パセリは春から秋が栽培時期で収穫まで2か月です。深さ約5mmで種をまき、発芽後は本葉が触れ合うタイミングで間引きをします。収穫までの作業は水やり・追肥・土寄せなどです。
パセリの土作りをはじめ、種まきから収穫までに必要な栽培管理を画像を交えて野菜栽培士が詳しくレクチャーします。失敗なしで立派なパセリを育てましょう!
パセリ栽培の流れ
栽培難易度 ★★☆☆☆
パセリは日当たりと水はけがよい場所なら手間もかからず容易に育てられる難易度の低いハーブです。冷涼な気候を好みますが夏越しも可能です。

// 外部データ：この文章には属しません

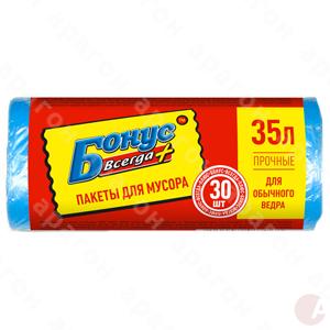 Пакеты для мусора "Бонус". Предназначены для удобства хранения и выноса мусора. Для стандартного мусорного ведра. Материал - полиэтилен HD. Размер - 50х60 см. Объем - 35 л. Цвет - синий. В упаковке 30 шт.

パセリはセリ科のハーブで原産地はヨーロッパ中南部(地中海沿岸)とアフリカ北部です。
二年草または短命の多年草で、ガーデンハーブとして人気で2000年以上前から栽培されています。
日本には17世紀頃に伝来して全国各地で栽培されています。和名は「オランダゼリ」「オランダミツバ」です。
種まきから発芽までの難易度は高いですが、発芽してからの栽培は容易です。パセリは直根性で栽培期間が長いため、用土を深く耕して、排水性・保水性・通気性をよくしておきましょう。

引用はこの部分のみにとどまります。